3.2. Acoustic signal processing in STG

Cue types differentially modulated the activity in STG, with semantically guided saccades eliciting greater responses than aurally guided saccades, and aurally guided saccades evoking greater responses than visually guided saccades. Additionally, the multi-voxel patterns of activity in the STG could be decoded to predict the cue type. Given that STG neurons are believed to process acoustic signals (Alain et al., 2001; Binder et al., 2000; Bushara et al., 1999; Zatorre et al., 2002), it is not surprising that higher responses were found when the cue was presented aurally (i.e., noise bursts and spoken color words) than when a cue was presented visually. Similarly, the greater response to semantically guided saccades in STG compared to aurally guided saccades is consistent with past findings that speech sounds evoke greater activity than non-speech sounds (Price et al., 2005; Uppenkamp et al., 2006; Vouloumanos et al., 2001). Moreover, neurons in monkey caudal STG represent auditory spatial information (Benson et al., 1981; Hackett et al., 1999; Leinonen et al., 1980; Rauschecker and Tian, 2000; Romanski et al., 1999b; Tian et al., 2001). Therefore, the enhanced BOLD responses associated with aurally guided and semantically guided saccades may reflect both the complexity of the acoustic analysis or the spatial perception of the acoustic stimulus.
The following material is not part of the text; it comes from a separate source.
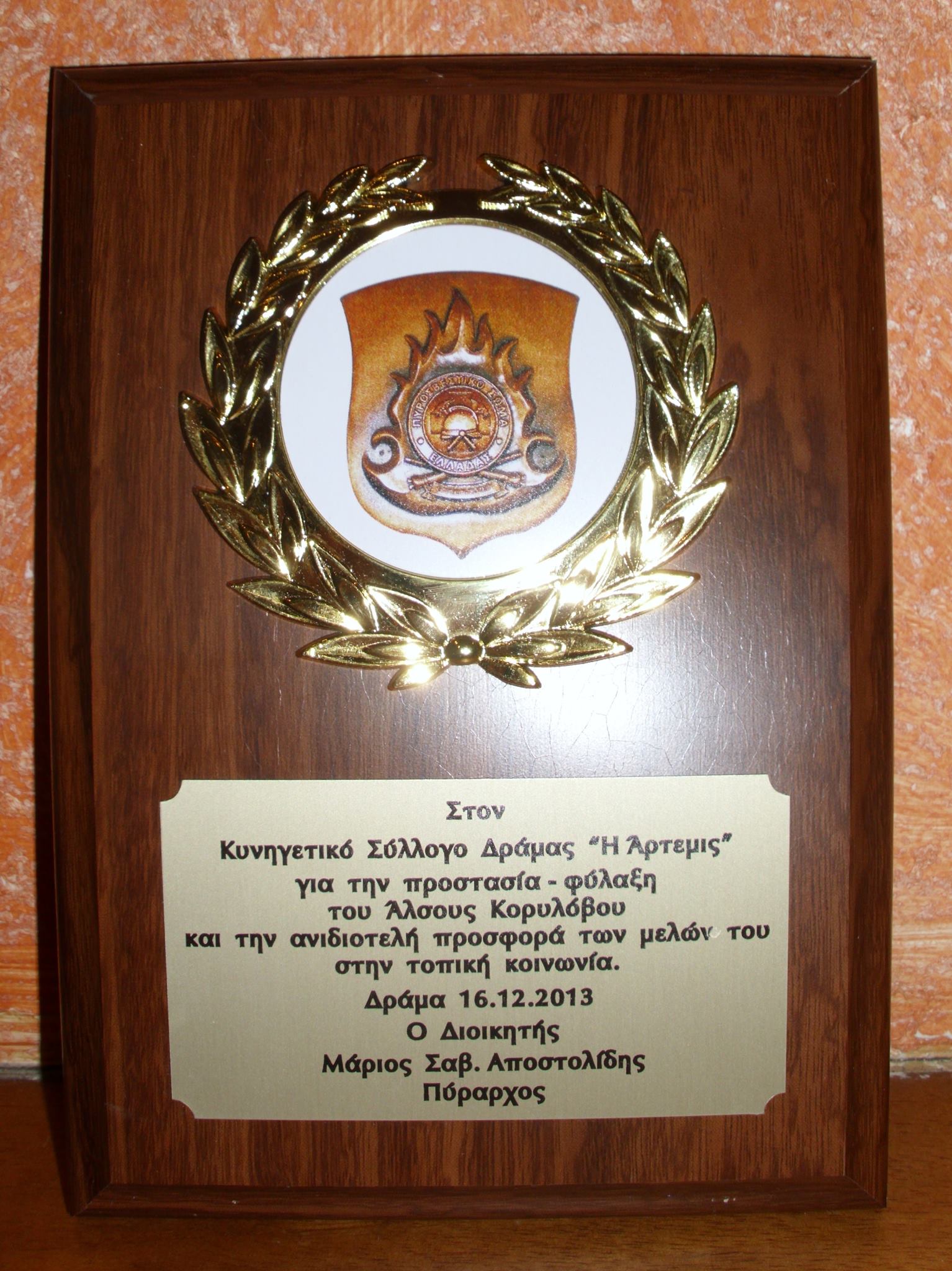 Τη Δευτέρα 16 Δεκεμβρίου 2013 πραγματοποιήθηκε στο χώρο της Πυροσβεστικής Υπηρεσίας Δράμας ο Αρχιερατικός Εσπερινός για τον εορτασμό των προστατών του Πυροσβεστικού Σώματος χοροστατούντος του Σεβασμιωτάτου Μητροπολίτη Δράμας κ. κ. Παύλου. Κατά τη διάρκεια της εκδήλωσης απονεμήθηκε τιμητική πλακέτα στον Κυνηγετικό Σύλλογο Δράμας «Η Άρτεμις» για την προσφορά του στη φύλαξη και προστασία του Άλσους Κορυλόβου.

3.3. Target selection in the frontal and parietal cortex

Our main aim was to test whether BOLD activity in portions of the dorsal frontoparietal attention network (Corbetta and Shulman, 2002) was sensitive to the type of cue used to guide target selection, in this case, saccades. We found the type of cue, whether visual, auditory, or semantic, did not modulate the strength of the BOLD responses in frontal or parietal cortex when the latency differences associated with each cue type were eliminated. BOLD activity did increase with saccade latency even within each cue type, as discussed above. However, these differences are likely to be related to time-on-task differences in perceptual processing and not to target selection, per se.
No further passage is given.